Does the pharmaceutical industry need to rethink the management of drug safety data and pharmacovigilance? A few companies already are. That was clear at this year’s annual Society For Clinical Data Management (SCDM) meeting. Appropriately, the session tried to explore the tenuous technological links between two areas of human expertise: the medical interpretation of drug safety issues and the processing of individual reports, either during a trial or after a drug has reached the market.

“We are actively doing signal detection,” noted Sue Howard, assistant director at GSK. “I would recommend that if you have the opportunity at your company to get involved with it, I would recommend you do so.”

Connected Systems

GSK says it is now able to move beyond a common practice at other firms: the tedious manual reconciliation of the primary clinical trial data with a second set of safety data. “Databases now talk to each other,” she said. “It’s 2008. We have to keep that in mind.”

Glaxo, she said, initially hesitated to automate the process. People had become accustomed to the old way of working, and wanted to hang onto it. That changed after the system was turned on. “A month after it all was rolled out, nobody felt they lost anything,” she said.

The cost of reconciling perhaps 700 adverse events a year was perhaps $29,000 for her team in the old days of paper and disconnected systems, she suggested. She didn’t know the cost of connecting the systems. But some of the benefits cannot be quantified. The end of manual reconciliation, she said, lead to greater data integrity and peace of mind. “Can I tell you how much less stress we have at database release time?” she asked. “We have more accurate data in the database. You’re now not rushing. You can identify the data trends.”

New Questions

Clearly, not every electronic data capture (EDC) and drug safety system can be connected to each other. “If you’re looking for a new EDC system, I would ask questions,” she said. “Can multiple roles ask questions? Is there a multiple linkage of forms?”

In the same session, David Handelsman, life science R&D manager at SAS, had a similarly forward-looking orientation to his remarks. But his tone was less warm and fuzzy than Howard’s. He sketched an ominous landscape of drug safety that includes high public skepticism, elevated regulatory vigilance, and law firms organized around helping plaintiffs sue the industry.

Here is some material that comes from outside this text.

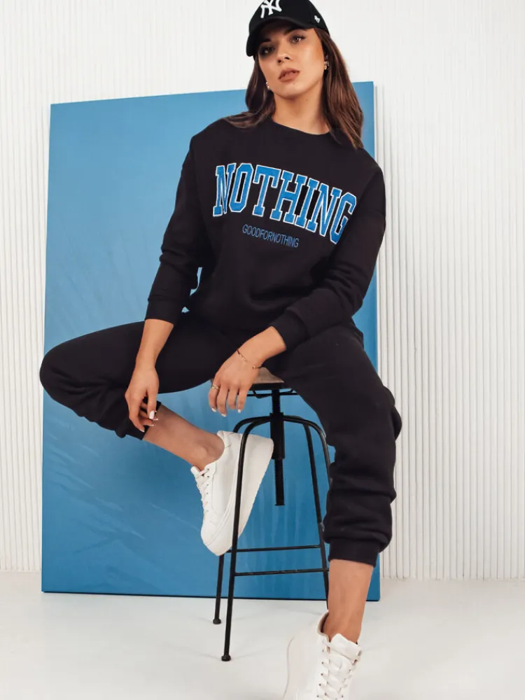 Ocieplany komplet dresowy to idealna propozycja na chłodniejsze dni. Bluza posiada ściągacze na dole oraz przy rękawach. Niezwykle miły w dotyku materiał sprawi, że nie będziesz chciała go zdjąć. Szerokość spodni w pasie można regulować dzięki sznureczkowi.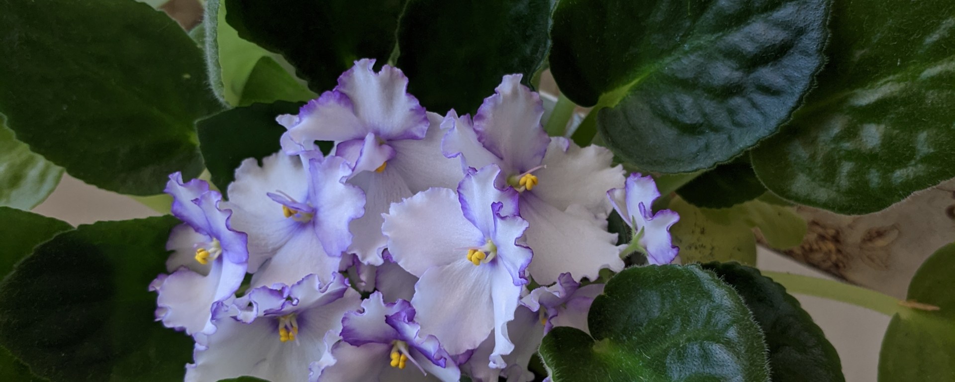 The stunning African violet, ‘Optimaro chico’ has petals that have a frill and are lightly edged in purple.

Such an environment, Handelsman said, demands new tools and approaches: “At the end of the day, keeping patients safe is what’s important. There are ways data management can help that process.” The general practice in the industry, Handelsman says, is reactive. “You need to be looking early and often,” he said. “This is fundamentally what safety is—a risk mitigation strategy. Some companies are surprised when their products appear on CNN. It makes more sense to say, ‘At my company we found a signal. It only affects patients in this category.’ ”

Haystack Management

As an example of the sort of issue the industry should attempt to be able to anticipate, he cited Flomax (tamsulosin). The prostate blockbuster turned out to have a curious complication only in patients undergoing eye surgery. Said Handelsman: “I can pretty confidently say that during the research, those patients weren’t getting cataract surgery. It’s very much a data issue. It’s a clinical issue. It’s a hard problem to solve.”

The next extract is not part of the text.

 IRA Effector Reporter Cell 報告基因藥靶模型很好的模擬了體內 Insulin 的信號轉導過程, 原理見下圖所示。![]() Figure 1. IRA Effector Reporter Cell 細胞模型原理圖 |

New software from SAS may be of assistance, he suggested, because it offers multiple epidemiological algorithms to sort and sift the data. Handelsman focussed on the heterogenous nature of drug safety data. The industry, he proposed, should be able to routinely tap into multiple data sources and analytical methods. The world has changed. Slowly reviewing boxfuls of paper may have unrecognized financial and reputational costs. “The data is far too complex,” says Handelsman. ”It is coming from too many sources. We have to look at the data differently.”